What the task requires:
Copy the records below line by line and word for word, from the very first line through the line with "long-sleeve knitted cardigan", omitting each picture.

** Opening Available data block **

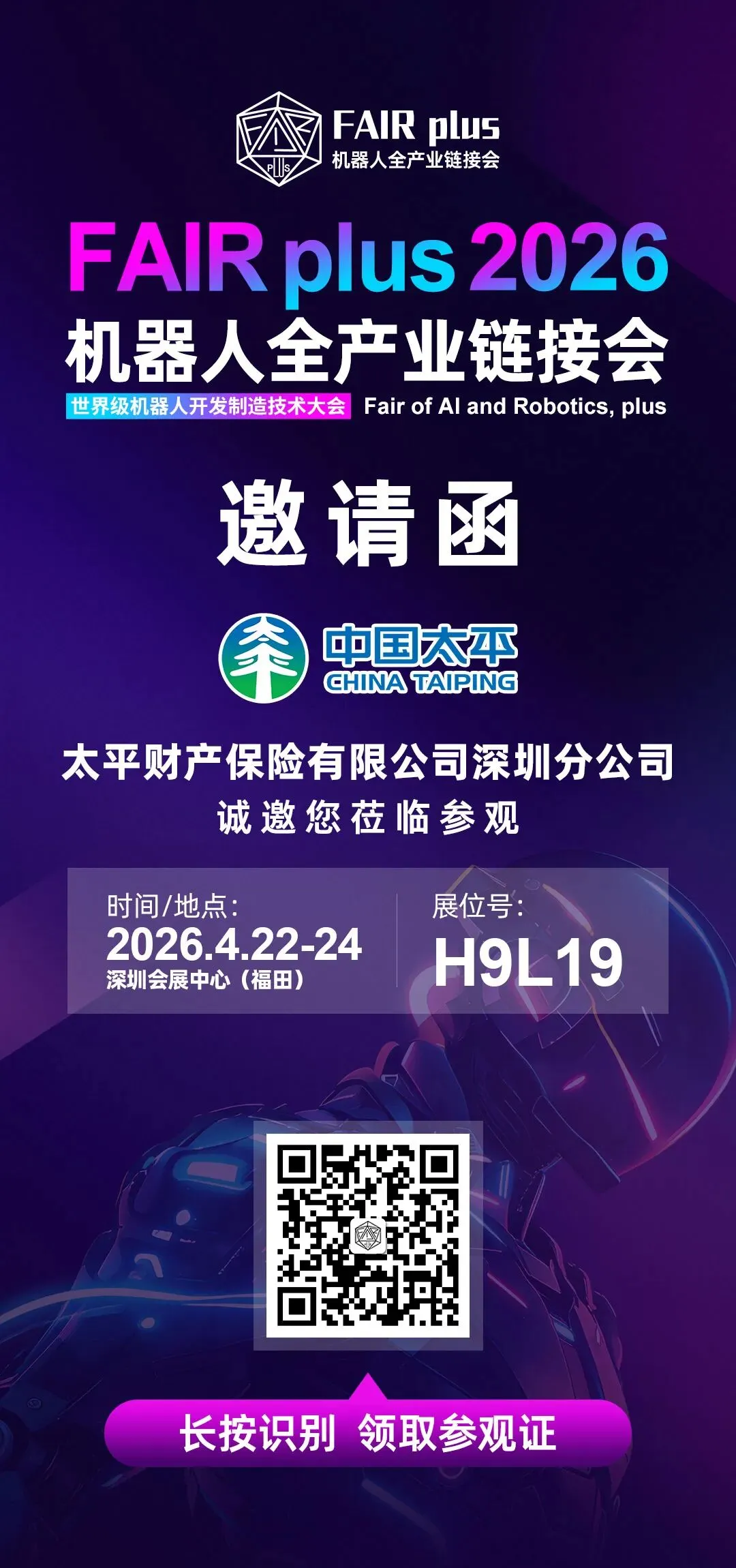 目前,太平财险深圳分公司已计划参展2026年4月22日在深圳福田启幕的“机器人全产业链接会FAIR plus 2026”。更多有关太平财险深圳分公司的技术、产品及参展消息,欢迎关注“机器人全产业链接会FAIR plus”公众号。
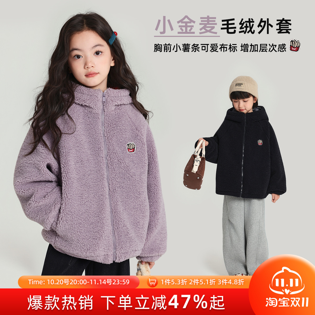 布丁哈鲁冬装童装女童棉服2025秋冬新款儿童百搭小金麦毛绒外套
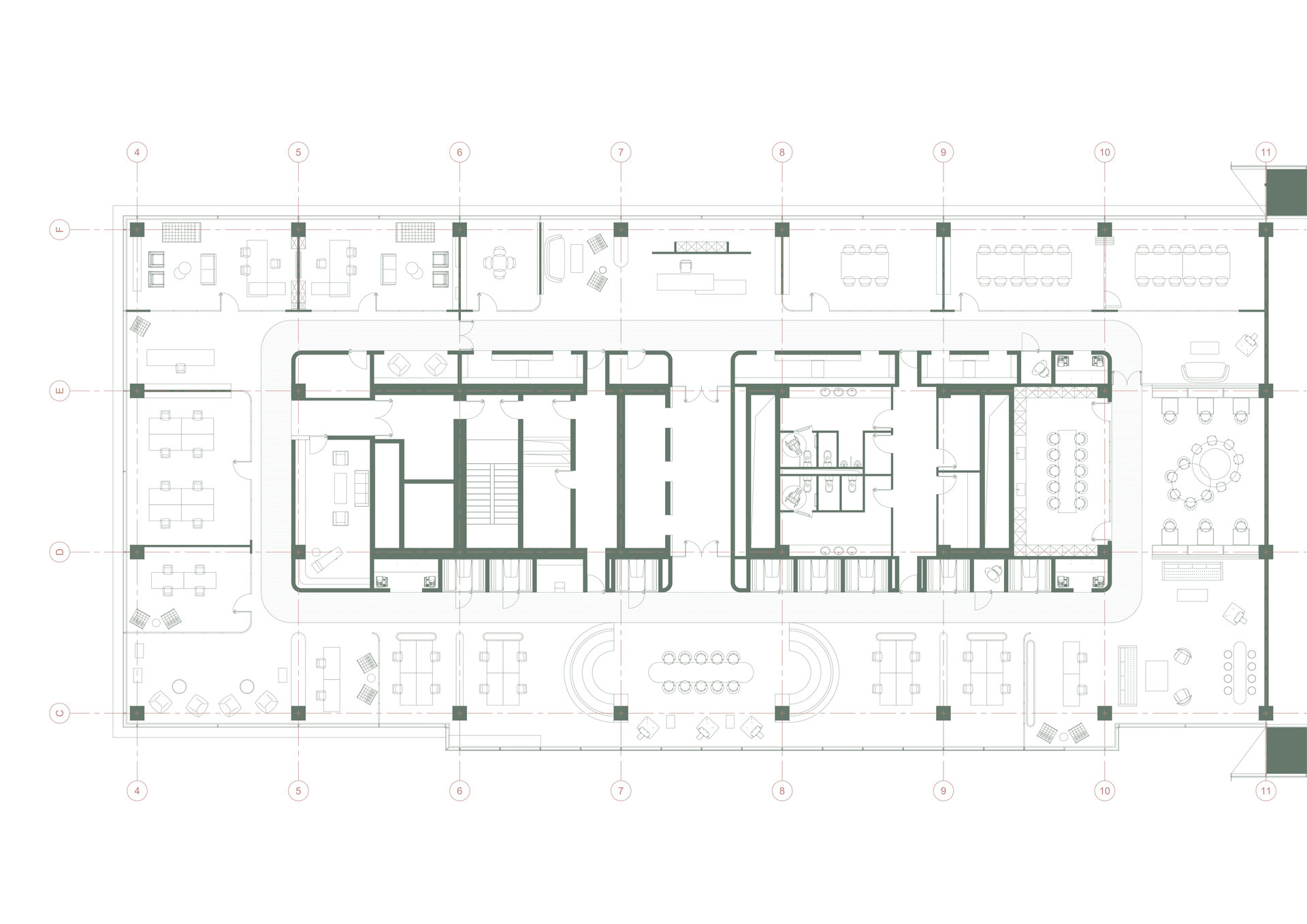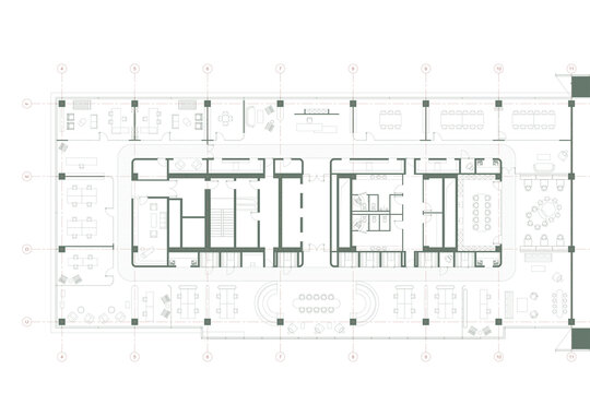 Lounge-ul și cafeteria completează zona privată, adăugând dimensiunea socială a proiectului. Lounge-ul, conceput ca un spațiu de relaxare, poate fi transformat într-o sală de licitații pentru colecția de artă contemporană a firmei, conferind spațiului o dimensiune culturală aparte. Această funcțiune suplimentară reflectă deschiderea companiei către dialogul cu mediul artistic și comunitatea, consolidând identitatea sa rafinată.
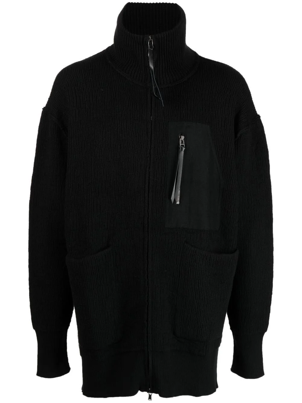 long-sleeve knitted cardigan black cotton-cashmere blend knitted construction stand-up collar front zip fastening two front patch pockets zip-fastening chest pocket long sleeves straight hem Imported Composition Cotton 95%, Cashmere 5% Washing instructions Hand Wash
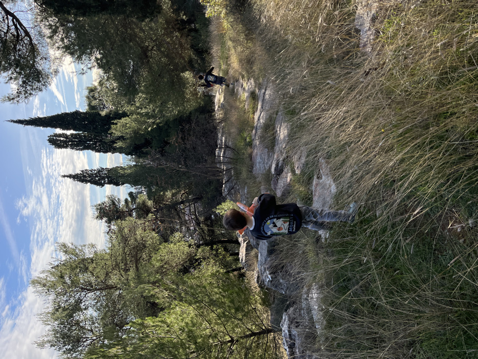 The scene depicts a forested hiking trail within a natural park area in Podgorica, Montenegro. Two children are present on an unpaved, rocky dirt path under a sky with scattered cumulus clouds and bright sunlight. In the immediate foreground, a young child, viewed from behind, stands on a patch of ground with exposed rocks and dry grass. The child wears a dark long-sleeved shirt featuring a white graphic print on the back with text including "ADVENTURE LET'S GO ON A..." and "MORITZ Holidays." They are also wearing patterned grey trousers and light-colored athletic shoes. The child holds an orange toy, resembling a blaster or dart gun, in both hands, pointing it forward. Further along the winding path, approximately 10-15 meters ahead and to the right, a second child, also seen from behind, is in motion. This child wears dark clothing and appears to be running or quickly walking down the trail, with their right leg raised mid-stride. The environment is characterized by dense vegetation, primarily tall evergreen trees, including various pines and cypress trees, which form a thick canopy and line the path. The ground is rugged, covered with exposed grey rocks of various sizes, dry, tall grasses, and some patches of greener undergrowth. The sunlight casts shadows, indicating a clear, bright day.
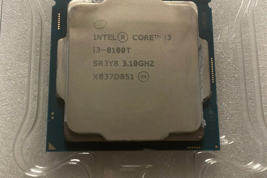 Intel Core i3-8100T processor med en klockfrekvens på 3.10GHz. Modellnummer SR3Y8.
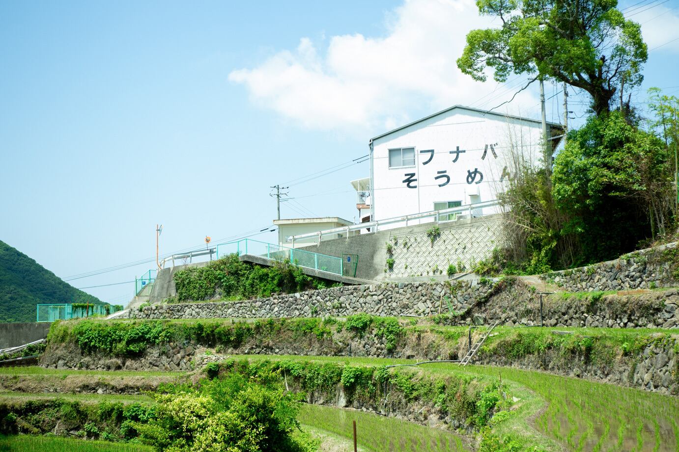 【船波製麺所】さんは、名水百選にも選ばれている、湯船の湧水が流れる、小豆島有数の景観スポットの一つ、棚田「千枚田」を見渡せる中山地区に位置する製麺所。
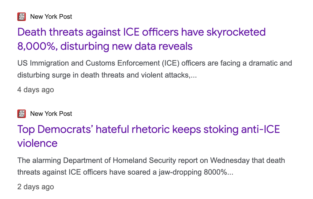 These claims are featured in headlines and coverage. For example, the New York Post reports the numbers uncritically, and then blames Democrats for the surge in anti-DHS threats.

** Closing Available data block **

Exercise solution:
 目前,太平财险深圳分公司已计划参展2026年4月22日在深圳福田启幕的“机器人全产业链接会FAIR plus 2026”。更多有关太平财险深圳分公司的技术、产品及参展消息,欢迎关注“机器人全产业链接会FAIR plus”公众号。
 布丁哈鲁冬装童装女童棉服2025秋冬新款儿童百搭小金麦毛绒外套
 Lounge-ul și cafeteria completează zona privată, adăugând dimensiunea socială a proiectului. Lounge-ul, conceput ca un spațiu de relaxare, poate fi transformat într-o sală de licitații pentru colecția de artă contemporană a firmei, conferind spațiului o dimensiune culturală aparte. Această funcțiune suplimentară reflectă deschiderea companiei către dialogul cu mediul artistic și comunitatea, consolidând identitatea sa rafinată.
 long-sleeve knitted cardigan black cotton-cashmere blend knitted construction stand-up collar front zip fastening two front patch pockets zip-fastening chest pocket long sleeves straight hem Imported Composition Cotton 95%, Cashmere 5% Washing instructions Hand Wash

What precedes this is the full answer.